The door clicked shut behind him.

Vivian stood in the center of her living room, surrounded by crayons and half-finished drawings and the small, quiet artifacts of a life she had built piece by piece, hidden and fragile. Her hands were trembling. Her breath came in short, shallow gasps.

She walked to the kitchen, picked up her phone, and dialed.

Helena answered on the second ring. “Okay, I’m going to need you to tell me everything, because I just saw Silas Ravenwood’s car leaving your building, and I’m pretty sure that’s not a coincidence.”

“How did you—never mind.
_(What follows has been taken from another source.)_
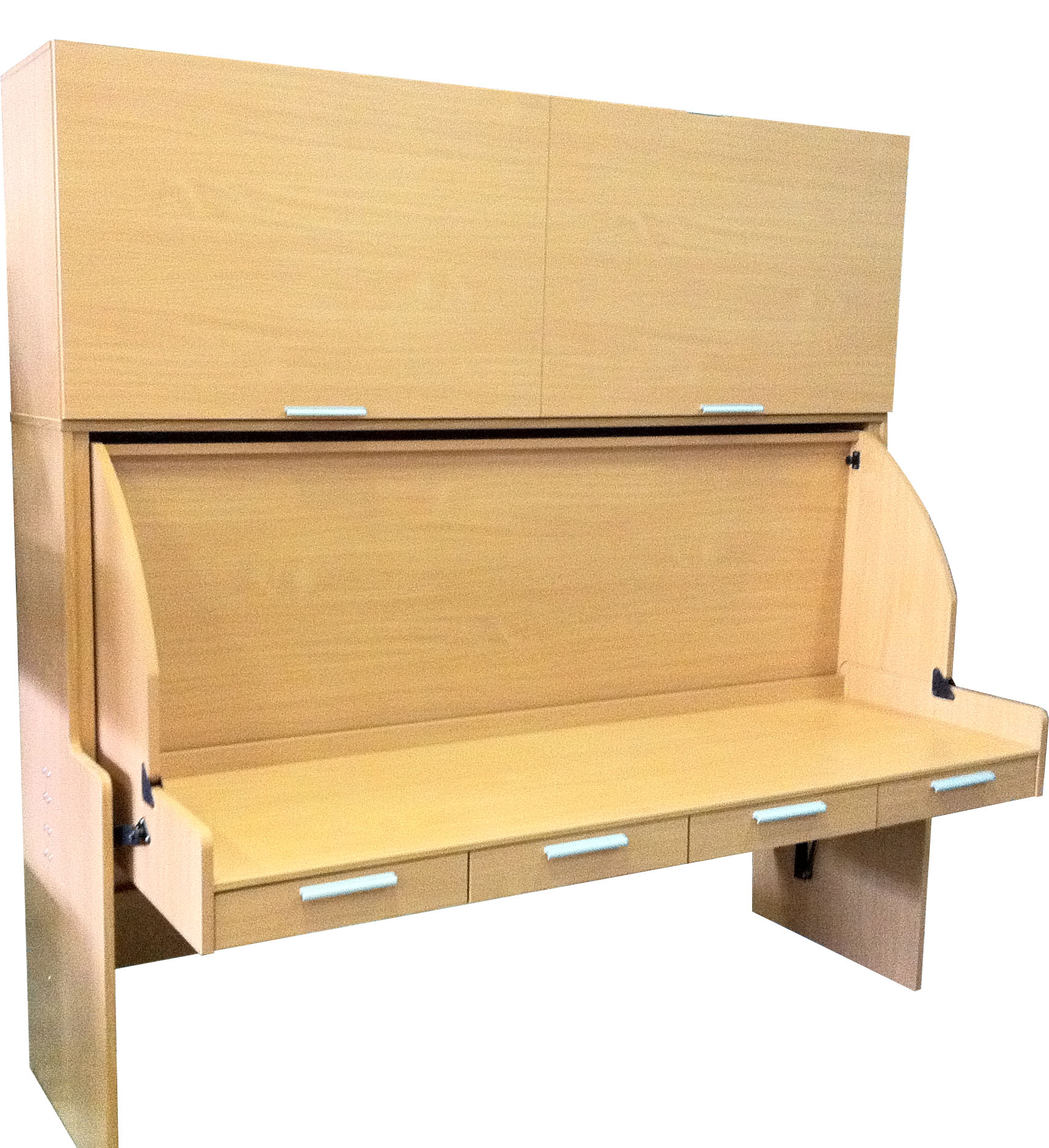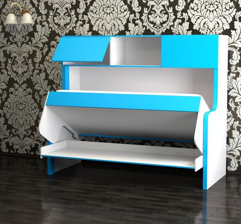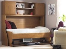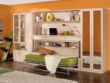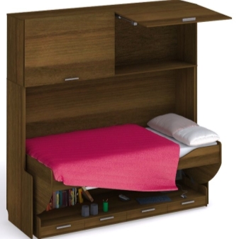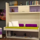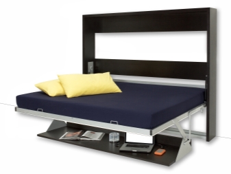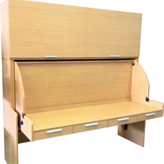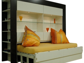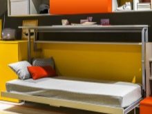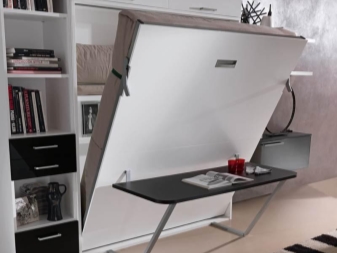 Beistelltisch ist eine komplexere und kompaktere Modifikation von Möbeln. Das Design beinhaltet das Vorhandensein eines speziellen Mechanismus, mit dem das Bett im Schrank versteckt ist.

Helena, I need you to find something for me. A file. A contract. Anything that links Bancroft & Stirling to Winslow Industries.”

“That’s a lot of paper, Viv. What am I looking for?”

“A debt. A secret debt, something that the Ravenwoods could use to destroy us.” She paused, her eyes fixed on the drawing of the shadow father, still sitting on the coffee table. “And Helena? Don’t tell anyone. Not your assistant, not your husband, nobody.”

“You’re scaring me.”Visit Loerva.

“Good. I’m scared too.”

She hung up, walked to Eli’s bedroom door, and opened it a crack. He was asleep, curled on his side, his hand resting on the nightstand drawer where he’d put the drawing. The nightlight cast a soft orange glow across his face.

Gideon Winslow had a son.

And if Silas Ravenwood found out—if anyone found out—that boy would become a weapon. A prize. A target.

She closed the door softly and went back to the living room. The television had gone to static, the blue dog replaced by a test pattern. She turned it off, and the silence rushed in to fill the space.

The news was just starting. She reached for the remote to change the channel when she saw it—a photo on the screen, familiar and cold.

“Mommy, is that the man from my drawing? Is he real?” Eli asked, pointing to a photo of Gideon that suddenly appeared on a news broadcast.